Abstract
We demonstrated that trifluoperazine, a calcium-calmodulin antagonist, blocked the hyperpermeability induced by Vibrio vulnificus cytolysin in in vitro-modeled endothelium and prevented the deaths of mice. Furthermore, compared to tetracycline alone, tetracycline combined with trifluoperazine enhanced the survival rate of V. vulnificus-infected mice, indicating the role of the cytolysin as an important factor in pathogenesis.
Vibrio vulnificus is a gram-negative, halophilic bacterium that is capable of rapidly processing wound infections and septicemia (1, 2). Several V. vulnificus components and products have been suggested as virulence factors of the organism through in vitro or in vivo experiments (4, 9, 17, 19). Two of the most representative cytotoxins, cytolysin and the elastolytic protease, were considered to play major roles in V. vulnificus cytotoxicity. However, mutants with single mutations in either the cytolysin or protease gene showed no significant change in their 50% lethal doses in experimental mouse systems (15, 19). Even when both genes were knocked out, no significant change in virulence was noted (3). Consequently, key virulence factors have not yet been identified in the in vitro and in vivo cytotoxic activities of V. vulnificus. Nevertheless, it has been suggested that V. vulnificus cytolysin may be a virulent factor in mice infected orally. When V. vulnificus was administered via the oral route, its cytolysin seemed to be involved in the organism's invasion across the intestinal wall. In fact, a protease mutant is more virulent by the oral route because the cytolysin activity might be increased by the lack of the protease inactivating the cytolysin (15). Thus, cytolysin might be at least partially involved in the pathogenesis of V. vulnificus.
In most of the terminal cases involving V. vulnificus infection, patients have exhibited underlying disease, particularly cirrhosis of the liver (1, 7, 13).
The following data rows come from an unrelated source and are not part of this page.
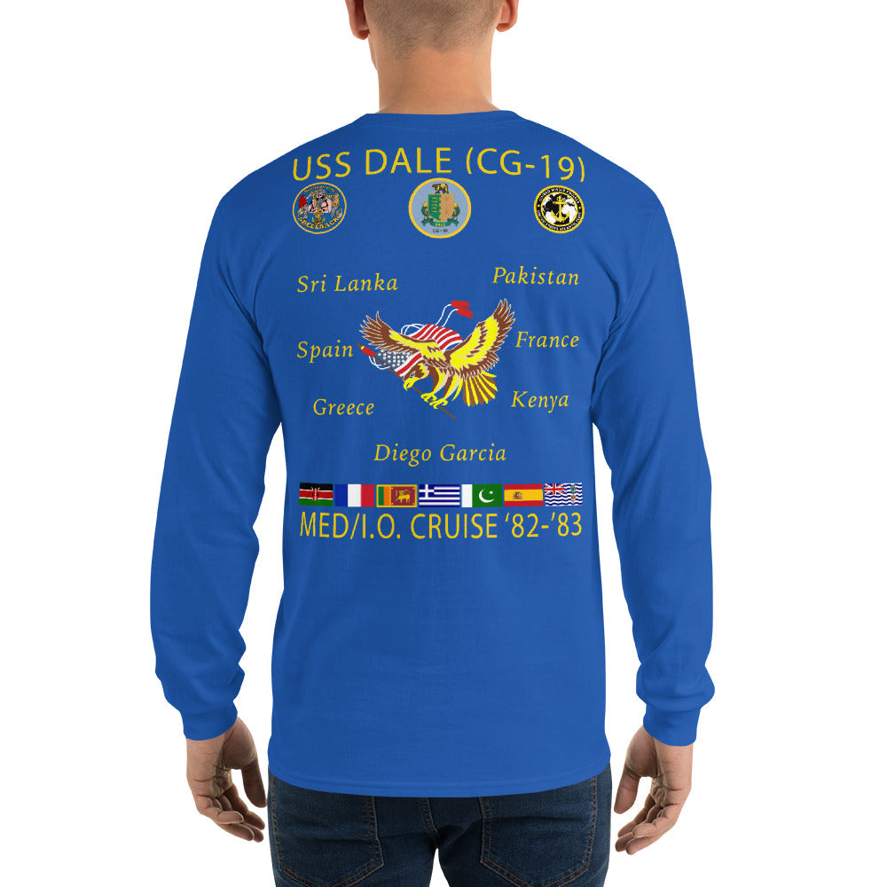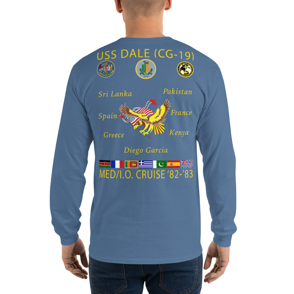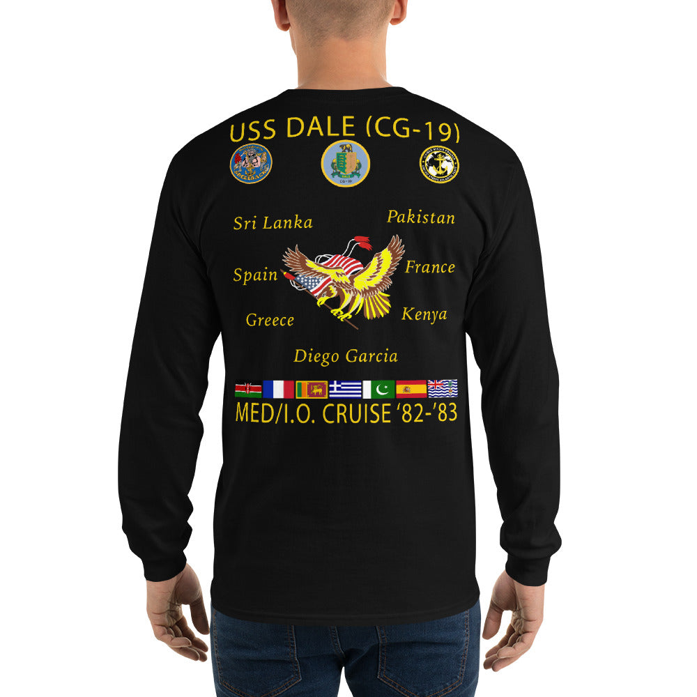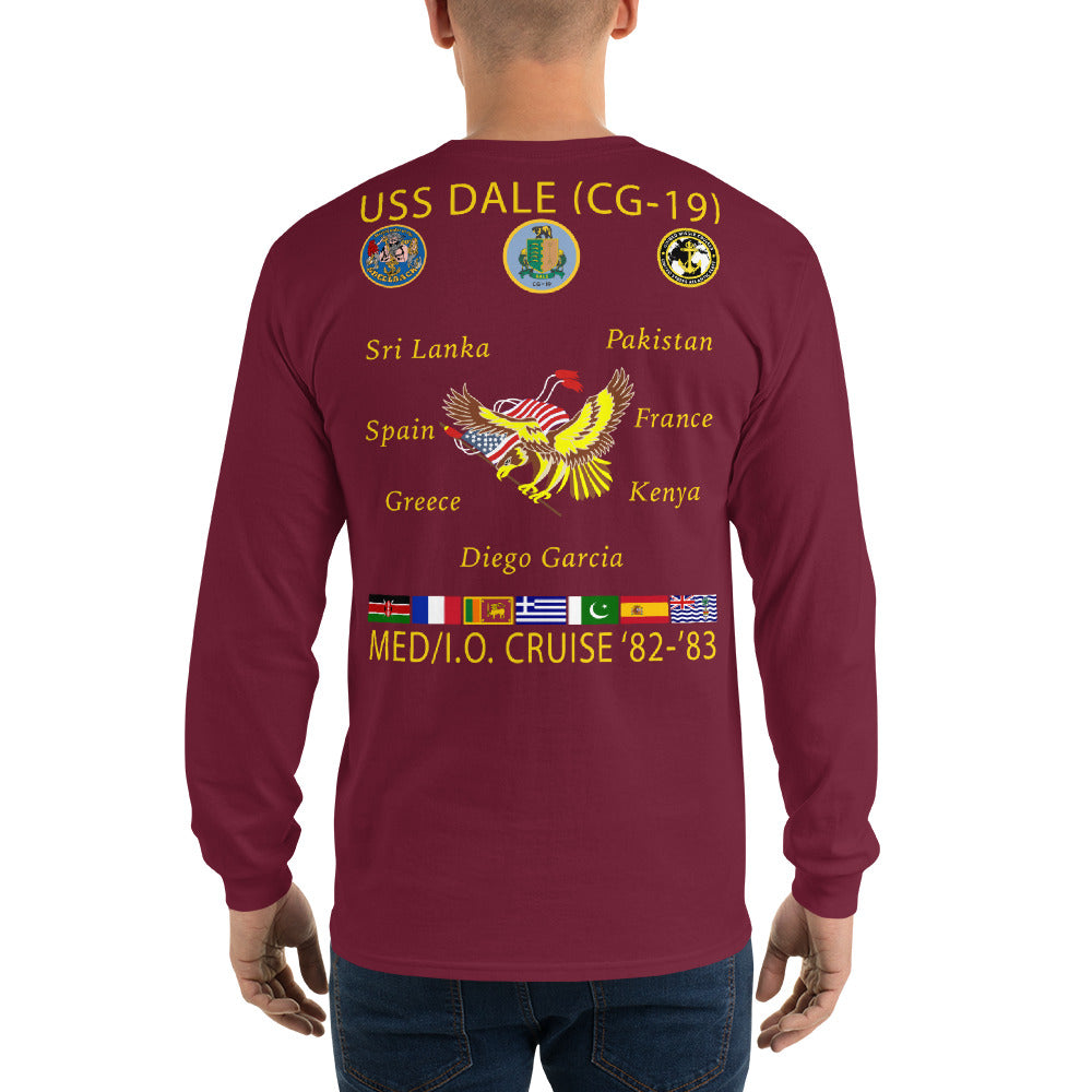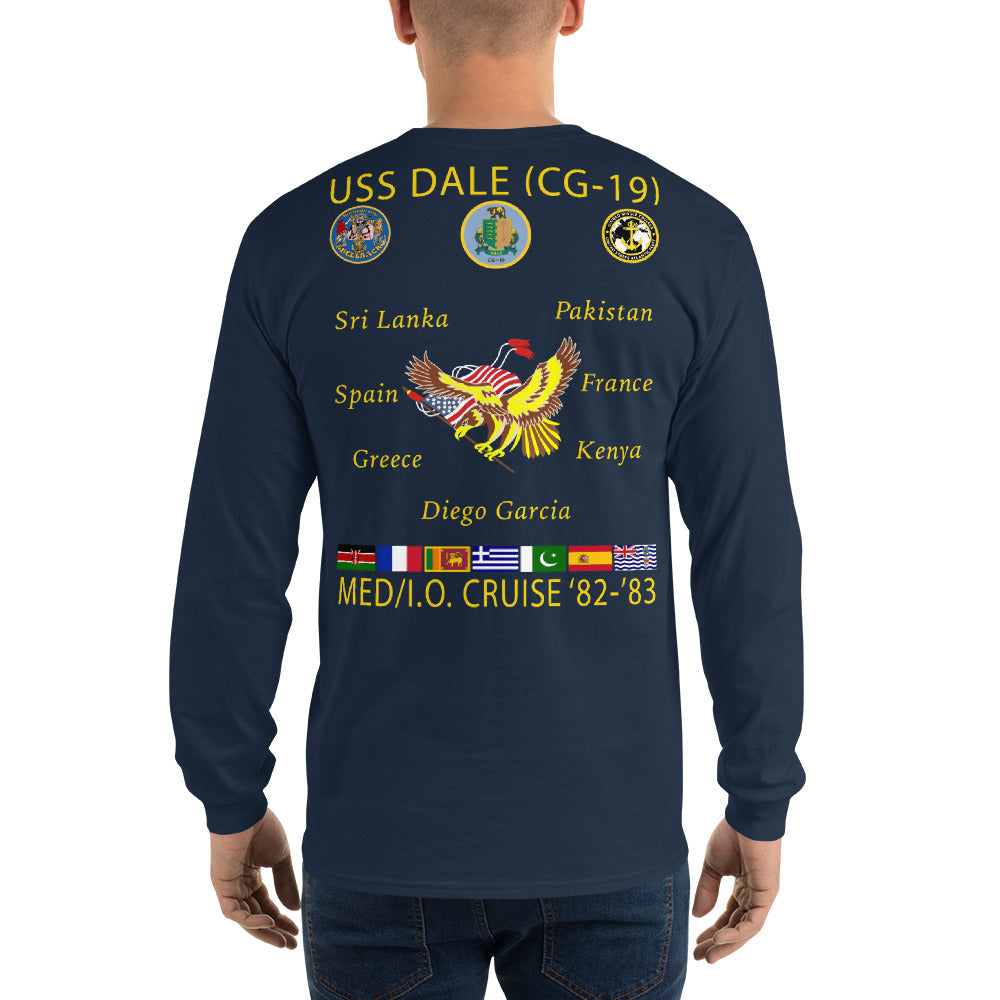 USS Dale (CG-19) 1982-83 Long Sleeve Cruise Shirt. This long-sleeve tee has ribbed cuffs and a classic-fit. It's quarter-turned to eliminate center creasing and perfect for chilly days!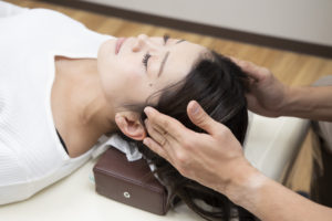 ヘッドマッサージを行い頭蓋骨調整をし、頭に向かう血流を促し、自律神経を整えていきます。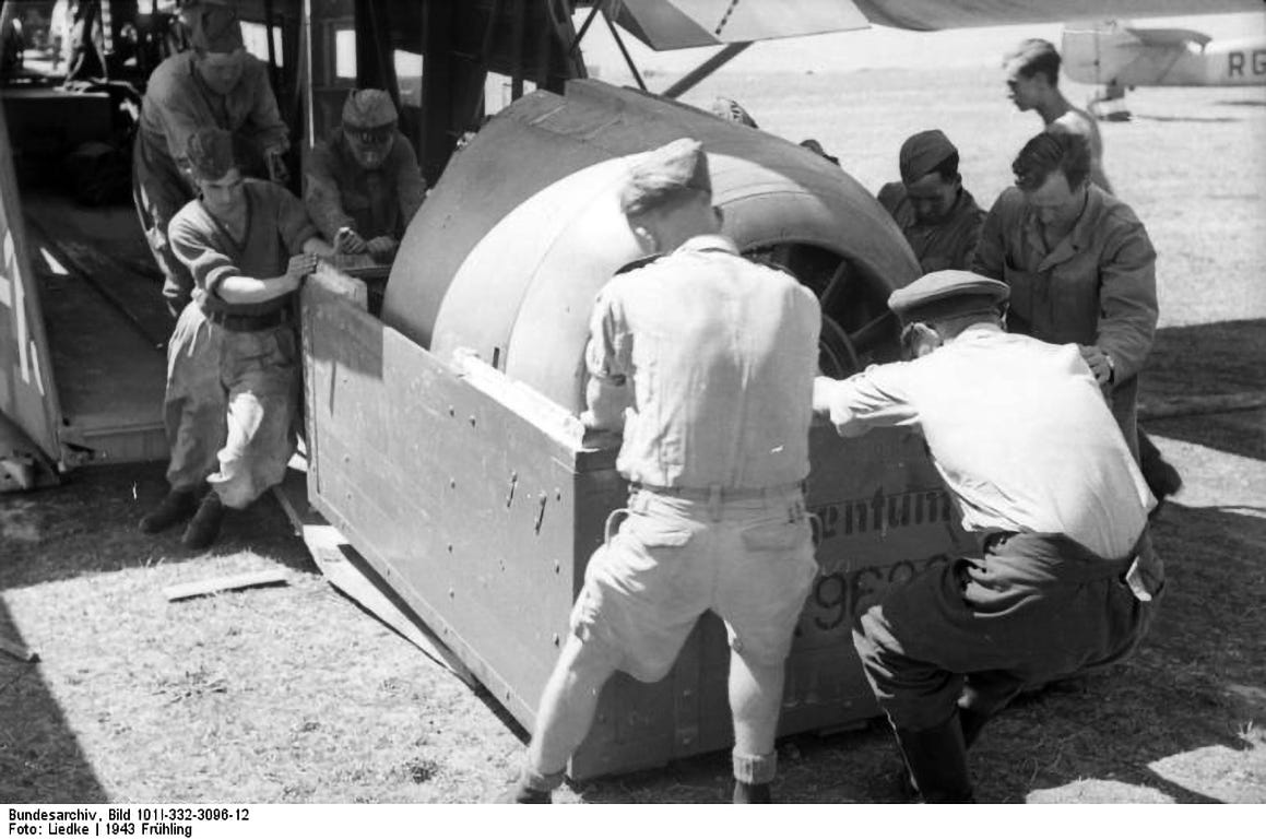 More evidence of this are the wooden crates seen at right inside the second structure: many aircraft of those years had a modular design which makes easier to replace the damaged parts on the field by the mechanics; in the case of the engine, spare or new units were shipped in a modular pack known by the Germans as the ‘kraftei’ (“power-egg”). Here, a new BMW 801 radial aero-engine is unloaded by Luftwaffe ground crew from a Go 242 cargo glider in the Russian front in 1943. Note the lettering ‘Eigentum’ and code number stenciled on the crate, similar to the ones found inside the Berlin-Tiergarten ‘hangars’. Of course, they could contain anything, not only aircraft engines like this one, but it confirms that it was equipment property of the Wehrmacht.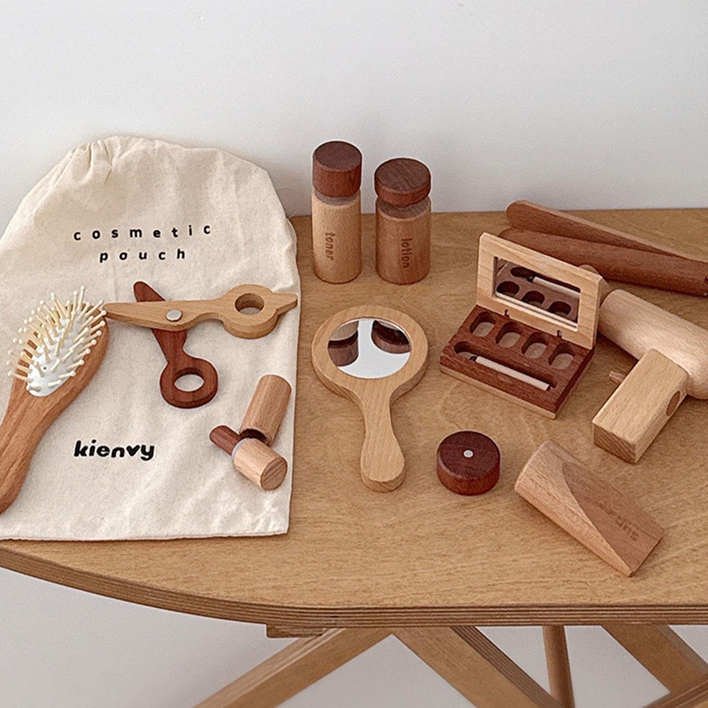 【Material】: Crafted with quality wood, this Makeup Toy Set features a smooth, rounded design without sharp edges or burrs, ensuring a secure and enjoyable playing time for children

The infection induces septicemia and ultimately leads to death from septic shock. A hallmark of septic shock is hypotension, which is caused by extravasation of intravascular fluid through enhancement of vascular permeability. Cirrhosis shows enhanced vascular permeability. Enhanced permeability might lead more easily to hypotension, which increases the chance for the lethality of septicemia induced by V. vulnificus infection.
Anti-V. vulnificus cytolysin antibodies were detected in the blood of V. vulnificus-infected mice or humans who survived V. vulnificus disease (5), indicating that cytolysin can be produced in vivo. Cytolysin was detected in sera from V. vulnificus-infected mice (6). Indeed, the injection of V. vulnificus cytolysin in the in vivo mouse model induced pulmonary edema through enhanced vascular permeability (12). Thus, V. vulnificus cytolysin might further increase the enhanced vascular permeability of cirrhotic patients and the chance for death from septic shock. The blockage of V. vulnificus cytolysin-induced hyperpermeability might increase the survival rate of V. vulnificus-infected patients who have cirrhosis of the liver.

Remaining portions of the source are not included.